JP3238773B2 - Manufacturing method of electrode for electrolysis - Google Patents

Description

DETAILED DESCRIPTION OF THE INVENTION

[0001]

The present invention relates to an electrode for electrolysis, and more particularly to an electrode suitable for electrolysis using a solid polymer electrolyte and a method for producing the same.

[0002]

2. Description of the Related Art A solid polymer electrolyte is used in an electrolytic cell or a fuel cell. Generally, an ion exchange membrane is used as a polymer solid electrolyte,
An electrode is formed directly on the surface of the ion exchange membrane, or the electrode is adhered to the ion exchange membrane. The electrolysis method of performing an aqueous solution electrolysis using an electrolytic cell using a polymer solid electrolyte initially allows the distance between the cathode and anode to approach the thickness of the ion exchange membrane, and almost eliminates ohmic loss due to the electrolyte.
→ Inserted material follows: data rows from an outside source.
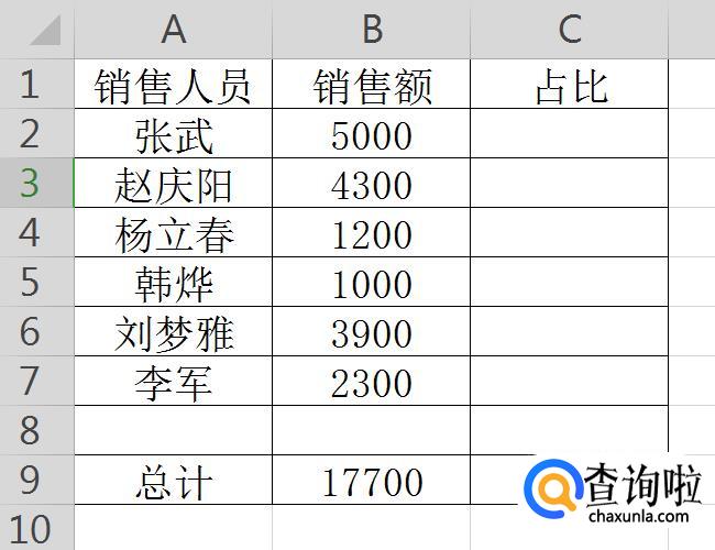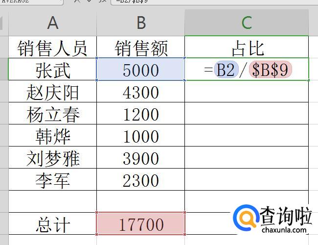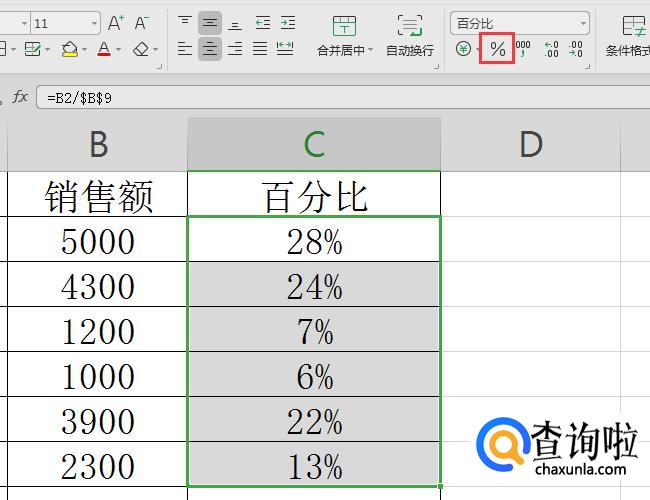 在需要显示结果的表格中输入计算公式,例如在C2中输入“=B2/B9”其中“”是固定不变的意思。
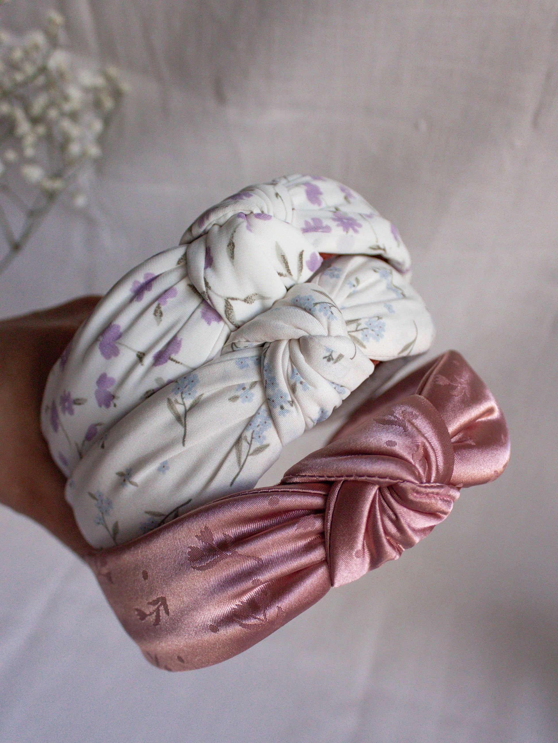 The Ballerina Tulip Top Knot is a handmade headband featuring a stunning arrangement of muted tulips on a luxurious, silky background. The use of premium fabric ensures superior comfort and durability, making this fashionable accessory a reliable day to day choice.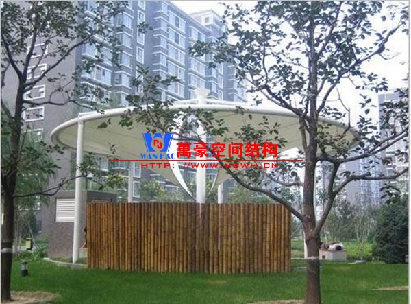 景觀膜結(jié)構(gòu)工程能提供豐富多彩的用途,并與園林景觀溶為一體。創(chuàng)造出讓人們盡情享受的快樂空間。充分展示了結(jié)構(gòu)構(gòu)件清晰受力的藝術(shù)之美,它巧妙的整合周圍的環(huán)境,給人們一種高貴典雅、浪漫溫馨之感。另外由于張拉膜材料本身特有的顯色性,在夜間彩燈的映射下能形成絢麗繽紛的景觀。不僅為人們提供遮陽避雨的空間。同時,更由于這種生動活潑的造型能給人們帶來時尚、輕松的休閑感受,所以廣受歡迎。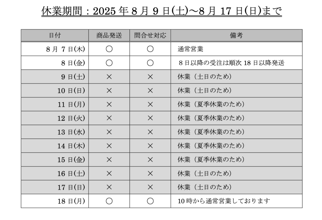 つきましては、商品の発送、お問い合わせの対応は下記の通りとさせて頂きます。

Attention was paid to the power saving effect, and much research and development was done.

However, almost the same effect can be obtained by simply contacting an electrode with an ion exchange membrane for the purpose of power saving, as actually seen in the electrolysis by the ion exchange membrane method of a saline solution. Due to the fact that it is difficult to produce a large-area electrode-solid-electrode-integrated electrode, little attention has been paid at present.

Therefore, an electrolytic cell using a solid polymer electrolyte has been put to practical use in an organic electrolysis apparatus or an ozone generation apparatus using electrolysis, which has problems such as corrosion and undesired side reactions occurring with ordinary metal electrodes. ing. A typical technique is a method of depositing an electrode catalyst metal such as a platinum group metal on the surface of an ion exchange membrane by electroless plating. This is because under conditions where the metal is stable as an electrode material,
That is, it has been applied to cathodes under acidic, neutral or alkaline conditions, and some have also been used as anodes.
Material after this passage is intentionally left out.